Nakedness in the home
At my parent workshops, one of the most frequently asked questions is “How should I handle nakedness?” Parents want to know what the age cut off is or when the appropriate time is to stop being naked around their child.
We all have various feelings and past experiences with nakedness from our own childhoods. This can influence how we feel about it as adults with children of our own. This topic is a good one for parents to talk about early in their parenting. Every home will look a bit different.
There isn’t one “right” age or time frame that works for “every” family.
Keep in mind that children are naturally curious. They will look at bodies out of that normal curiosity and it will prompt questions. Bare bodies are not damaging for children to see. Additionally, it’s important to remember that adults sexualize nudity long before a child does.
Young children don’t see through erotic glasses like adults do.
Pay attention to your child and their verbal and non-verbal cues. Are their words or actions communicating discomfort with your nudity? For example, do they walk in on you getting out of the shower and turn their back or avert their eyes? Do they stop walking into the bathroom with you like they used to?

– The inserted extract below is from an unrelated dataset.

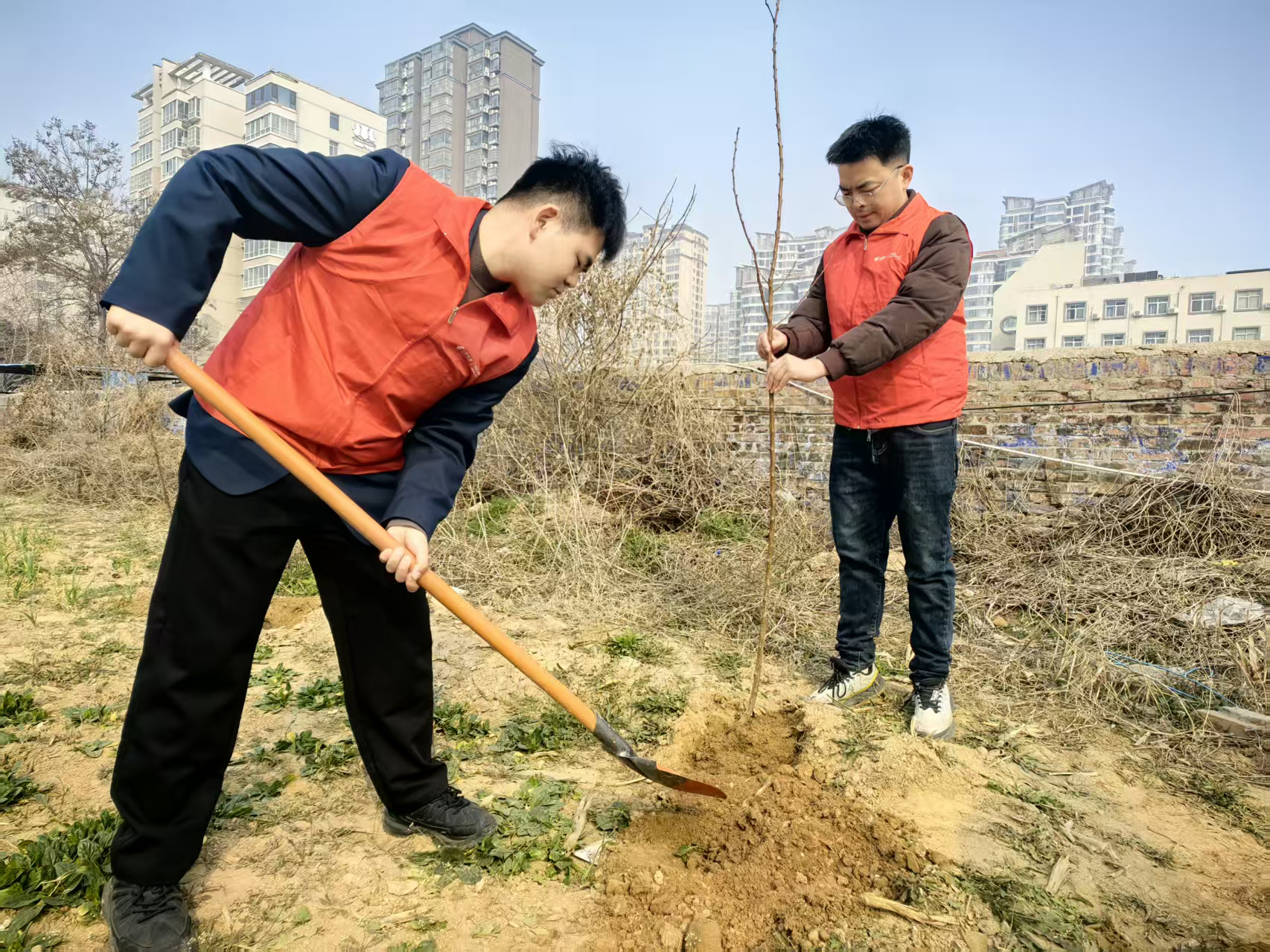 洛阳市邮政分公司组织志愿者,在周王城广场开展义务植树活动,为千年古都增添新绿。挥锹铲土、扶苗填坑、围堰浇水、踩实培土……经过一番劳作,数十株高杆月季迎风挺立,增添了城市生态活力,寄托着邮政人对古都洛阳的美好期许。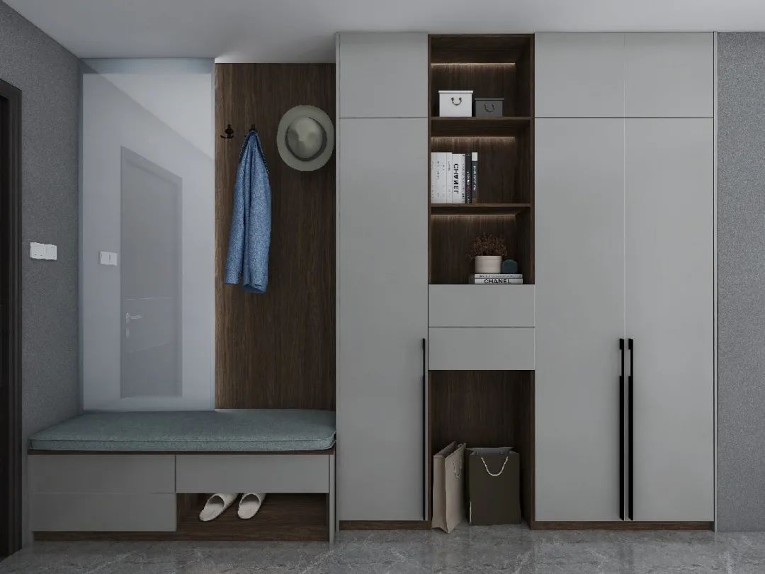 既是隔斷柜又是全鋁鞋柜,一柜到頂,大大增加了收納空間還顯得大氣簡(jiǎn)潔。再配上換鞋凳,實(shí)用又美觀。

Initiate a simple conversation with your child. Next time you are walking around the block together or riding in the car, pose questions such as: “Are you comfortable seeing me when I don’t have my clothes on?” or “How do you feel about seeing mommy/daddy naked.”
Thinking through the questions below and discussing them with your partner will assist you in understanding each of your comfort levels with nakedness and bodies. These questions may help you open a conversation about how you will navigate nakedness in your home.
1. Am I comfortable with my child seeing my naked body?
2. Am I comfortable with my child seeing my partner's body?
3. When my child comes upon me naked, how ‘do’ I respond/react? How would I ‘like to’ respond/react?